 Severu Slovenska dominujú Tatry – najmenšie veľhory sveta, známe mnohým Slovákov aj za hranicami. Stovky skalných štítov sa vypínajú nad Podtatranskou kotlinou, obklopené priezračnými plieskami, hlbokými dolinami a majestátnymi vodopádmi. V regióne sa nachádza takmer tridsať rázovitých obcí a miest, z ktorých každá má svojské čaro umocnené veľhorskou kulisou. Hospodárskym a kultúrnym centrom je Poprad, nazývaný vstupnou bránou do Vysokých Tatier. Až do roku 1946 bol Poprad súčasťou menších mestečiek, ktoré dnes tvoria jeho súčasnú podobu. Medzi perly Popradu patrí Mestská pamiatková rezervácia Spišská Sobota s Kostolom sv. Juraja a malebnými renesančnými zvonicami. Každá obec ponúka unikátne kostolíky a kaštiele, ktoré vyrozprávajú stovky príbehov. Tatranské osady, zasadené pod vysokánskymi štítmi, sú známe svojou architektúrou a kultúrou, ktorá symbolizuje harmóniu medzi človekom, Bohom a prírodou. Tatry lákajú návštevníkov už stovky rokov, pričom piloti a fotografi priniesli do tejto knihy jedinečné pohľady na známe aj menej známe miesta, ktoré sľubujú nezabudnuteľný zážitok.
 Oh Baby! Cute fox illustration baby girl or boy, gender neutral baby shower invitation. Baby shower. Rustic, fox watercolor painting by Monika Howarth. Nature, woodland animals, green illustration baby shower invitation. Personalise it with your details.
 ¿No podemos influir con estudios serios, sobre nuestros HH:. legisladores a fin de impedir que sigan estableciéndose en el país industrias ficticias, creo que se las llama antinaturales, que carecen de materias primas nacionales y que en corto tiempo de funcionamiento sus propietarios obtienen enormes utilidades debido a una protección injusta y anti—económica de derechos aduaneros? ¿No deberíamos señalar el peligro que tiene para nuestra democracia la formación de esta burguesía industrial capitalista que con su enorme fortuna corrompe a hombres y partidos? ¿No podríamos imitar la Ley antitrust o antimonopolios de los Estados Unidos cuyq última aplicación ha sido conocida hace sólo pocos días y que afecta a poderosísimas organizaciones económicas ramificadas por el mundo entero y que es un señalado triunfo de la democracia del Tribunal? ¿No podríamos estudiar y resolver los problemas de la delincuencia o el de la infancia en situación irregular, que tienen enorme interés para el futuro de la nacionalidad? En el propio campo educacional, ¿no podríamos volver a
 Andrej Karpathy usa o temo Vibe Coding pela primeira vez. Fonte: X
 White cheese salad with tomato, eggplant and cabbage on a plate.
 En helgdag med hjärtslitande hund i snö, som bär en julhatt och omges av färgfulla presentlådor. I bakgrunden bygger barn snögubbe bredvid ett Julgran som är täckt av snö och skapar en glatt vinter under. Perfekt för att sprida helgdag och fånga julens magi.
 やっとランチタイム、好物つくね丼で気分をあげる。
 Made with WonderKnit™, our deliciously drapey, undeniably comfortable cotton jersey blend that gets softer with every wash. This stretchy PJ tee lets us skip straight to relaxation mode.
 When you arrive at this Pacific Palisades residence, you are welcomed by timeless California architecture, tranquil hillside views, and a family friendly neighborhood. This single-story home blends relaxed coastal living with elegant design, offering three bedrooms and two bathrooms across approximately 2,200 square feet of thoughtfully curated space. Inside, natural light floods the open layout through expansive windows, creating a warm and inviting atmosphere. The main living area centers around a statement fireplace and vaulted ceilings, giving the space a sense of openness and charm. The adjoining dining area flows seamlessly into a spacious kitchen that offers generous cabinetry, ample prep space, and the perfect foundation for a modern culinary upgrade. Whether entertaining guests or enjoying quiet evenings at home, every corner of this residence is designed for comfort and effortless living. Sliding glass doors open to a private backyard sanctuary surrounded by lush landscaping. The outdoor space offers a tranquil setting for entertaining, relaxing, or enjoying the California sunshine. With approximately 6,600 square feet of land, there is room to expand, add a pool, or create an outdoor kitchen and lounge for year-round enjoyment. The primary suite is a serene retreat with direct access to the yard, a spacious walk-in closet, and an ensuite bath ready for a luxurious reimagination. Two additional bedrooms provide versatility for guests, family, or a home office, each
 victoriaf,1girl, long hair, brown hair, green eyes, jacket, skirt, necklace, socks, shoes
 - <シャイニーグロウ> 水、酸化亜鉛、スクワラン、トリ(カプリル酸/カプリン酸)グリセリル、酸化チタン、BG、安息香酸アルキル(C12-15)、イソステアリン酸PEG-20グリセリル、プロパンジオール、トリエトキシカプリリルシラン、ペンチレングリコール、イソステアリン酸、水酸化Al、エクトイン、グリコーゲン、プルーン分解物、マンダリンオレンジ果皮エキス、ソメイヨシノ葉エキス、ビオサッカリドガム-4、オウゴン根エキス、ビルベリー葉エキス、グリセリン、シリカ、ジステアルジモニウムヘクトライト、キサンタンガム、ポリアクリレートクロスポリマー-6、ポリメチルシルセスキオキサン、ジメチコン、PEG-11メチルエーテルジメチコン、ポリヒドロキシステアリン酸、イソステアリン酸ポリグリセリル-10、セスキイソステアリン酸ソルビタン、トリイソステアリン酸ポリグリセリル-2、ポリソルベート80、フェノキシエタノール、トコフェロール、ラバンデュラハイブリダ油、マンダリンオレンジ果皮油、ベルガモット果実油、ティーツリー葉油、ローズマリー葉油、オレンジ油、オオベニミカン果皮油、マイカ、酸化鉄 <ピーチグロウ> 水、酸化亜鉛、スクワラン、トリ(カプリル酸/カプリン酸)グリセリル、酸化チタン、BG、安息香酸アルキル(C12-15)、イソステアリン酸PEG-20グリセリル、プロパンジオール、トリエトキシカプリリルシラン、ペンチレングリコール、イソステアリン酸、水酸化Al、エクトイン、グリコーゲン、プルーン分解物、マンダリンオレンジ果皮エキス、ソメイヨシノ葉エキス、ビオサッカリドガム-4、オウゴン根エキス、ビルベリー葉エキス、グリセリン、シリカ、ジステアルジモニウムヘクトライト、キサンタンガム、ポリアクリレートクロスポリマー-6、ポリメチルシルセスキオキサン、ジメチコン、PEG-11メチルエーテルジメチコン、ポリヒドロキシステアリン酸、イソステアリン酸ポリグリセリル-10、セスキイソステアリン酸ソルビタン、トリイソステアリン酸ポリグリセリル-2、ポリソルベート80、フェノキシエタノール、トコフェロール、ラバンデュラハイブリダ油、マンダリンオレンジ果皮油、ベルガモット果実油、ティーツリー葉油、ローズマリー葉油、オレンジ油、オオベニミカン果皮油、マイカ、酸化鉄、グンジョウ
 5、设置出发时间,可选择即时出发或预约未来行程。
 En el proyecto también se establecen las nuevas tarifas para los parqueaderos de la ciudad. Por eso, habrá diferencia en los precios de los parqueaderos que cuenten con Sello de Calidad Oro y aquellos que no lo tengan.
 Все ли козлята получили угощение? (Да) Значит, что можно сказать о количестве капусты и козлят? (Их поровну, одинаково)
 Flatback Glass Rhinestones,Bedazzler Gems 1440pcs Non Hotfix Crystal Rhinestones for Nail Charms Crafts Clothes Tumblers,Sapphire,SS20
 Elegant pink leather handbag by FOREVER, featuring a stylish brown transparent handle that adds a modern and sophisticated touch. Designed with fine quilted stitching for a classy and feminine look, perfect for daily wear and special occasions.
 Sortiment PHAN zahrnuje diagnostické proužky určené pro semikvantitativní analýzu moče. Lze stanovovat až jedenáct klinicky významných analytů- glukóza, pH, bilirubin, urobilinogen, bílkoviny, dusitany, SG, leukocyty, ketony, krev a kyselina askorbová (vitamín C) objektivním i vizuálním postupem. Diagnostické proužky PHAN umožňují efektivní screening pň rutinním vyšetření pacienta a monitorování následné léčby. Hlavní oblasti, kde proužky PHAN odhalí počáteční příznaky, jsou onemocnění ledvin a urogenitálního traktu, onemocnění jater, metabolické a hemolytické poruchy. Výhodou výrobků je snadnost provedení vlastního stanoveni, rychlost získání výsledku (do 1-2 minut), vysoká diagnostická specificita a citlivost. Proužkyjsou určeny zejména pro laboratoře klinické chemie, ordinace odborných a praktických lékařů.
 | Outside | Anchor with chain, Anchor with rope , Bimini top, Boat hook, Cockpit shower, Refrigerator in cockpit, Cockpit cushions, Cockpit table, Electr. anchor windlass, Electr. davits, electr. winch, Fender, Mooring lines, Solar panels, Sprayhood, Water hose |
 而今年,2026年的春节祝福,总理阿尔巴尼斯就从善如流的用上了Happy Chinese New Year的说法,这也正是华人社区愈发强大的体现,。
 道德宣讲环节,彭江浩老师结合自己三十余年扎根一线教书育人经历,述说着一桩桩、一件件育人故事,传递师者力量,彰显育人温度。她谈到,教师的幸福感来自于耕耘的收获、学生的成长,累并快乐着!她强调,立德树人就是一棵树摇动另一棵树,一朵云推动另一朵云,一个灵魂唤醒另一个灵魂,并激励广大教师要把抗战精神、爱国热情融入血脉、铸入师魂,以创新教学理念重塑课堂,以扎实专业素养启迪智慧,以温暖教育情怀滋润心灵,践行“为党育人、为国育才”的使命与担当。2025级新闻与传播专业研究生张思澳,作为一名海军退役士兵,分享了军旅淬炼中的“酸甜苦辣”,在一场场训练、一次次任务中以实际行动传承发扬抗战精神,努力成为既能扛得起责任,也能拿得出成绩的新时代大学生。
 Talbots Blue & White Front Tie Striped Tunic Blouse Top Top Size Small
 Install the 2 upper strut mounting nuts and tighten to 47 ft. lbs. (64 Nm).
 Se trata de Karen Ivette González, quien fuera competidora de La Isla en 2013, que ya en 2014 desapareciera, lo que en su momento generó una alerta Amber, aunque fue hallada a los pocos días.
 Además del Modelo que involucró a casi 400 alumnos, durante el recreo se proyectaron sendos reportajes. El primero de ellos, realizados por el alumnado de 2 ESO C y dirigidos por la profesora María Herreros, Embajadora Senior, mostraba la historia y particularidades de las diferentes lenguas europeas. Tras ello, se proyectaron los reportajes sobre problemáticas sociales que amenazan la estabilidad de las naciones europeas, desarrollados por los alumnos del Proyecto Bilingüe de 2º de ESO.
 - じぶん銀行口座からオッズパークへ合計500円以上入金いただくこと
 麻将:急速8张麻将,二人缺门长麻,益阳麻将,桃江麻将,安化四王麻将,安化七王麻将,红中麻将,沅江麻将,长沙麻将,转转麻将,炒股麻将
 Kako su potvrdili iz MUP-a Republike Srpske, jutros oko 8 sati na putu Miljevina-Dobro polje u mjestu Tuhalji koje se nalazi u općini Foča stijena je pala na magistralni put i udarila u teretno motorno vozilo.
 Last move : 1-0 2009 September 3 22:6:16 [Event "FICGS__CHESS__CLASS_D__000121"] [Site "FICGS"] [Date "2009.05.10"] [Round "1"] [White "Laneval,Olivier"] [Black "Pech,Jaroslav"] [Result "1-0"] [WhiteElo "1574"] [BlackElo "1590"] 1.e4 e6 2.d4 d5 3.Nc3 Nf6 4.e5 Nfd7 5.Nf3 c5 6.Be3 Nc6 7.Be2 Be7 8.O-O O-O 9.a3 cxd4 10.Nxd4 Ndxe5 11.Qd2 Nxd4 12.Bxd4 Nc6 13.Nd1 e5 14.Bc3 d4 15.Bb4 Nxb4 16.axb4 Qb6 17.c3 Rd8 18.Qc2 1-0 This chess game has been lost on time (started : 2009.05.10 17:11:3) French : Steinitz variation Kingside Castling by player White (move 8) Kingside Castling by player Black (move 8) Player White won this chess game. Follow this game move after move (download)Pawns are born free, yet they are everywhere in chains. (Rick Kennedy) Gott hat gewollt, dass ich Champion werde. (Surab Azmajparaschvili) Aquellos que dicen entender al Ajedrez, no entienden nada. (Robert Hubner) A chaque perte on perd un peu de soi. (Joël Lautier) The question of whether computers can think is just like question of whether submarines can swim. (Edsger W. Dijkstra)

==================================================

= Task to complete =
Scan the material above for the word "brown". Copy each line where it occurs.

= Response box =
 victoriaf,1girl, long hair, brown hair, green eyes, jacket, skirt, necklace, socks, shoes
 Elegant pink leather handbag by FOREVER, featuring a stylish brown transparent handle that adds a modern and sophisticated touch. Designed with fine quilted stitching for a classy and feminine look, perfect for daily wear and special occasions.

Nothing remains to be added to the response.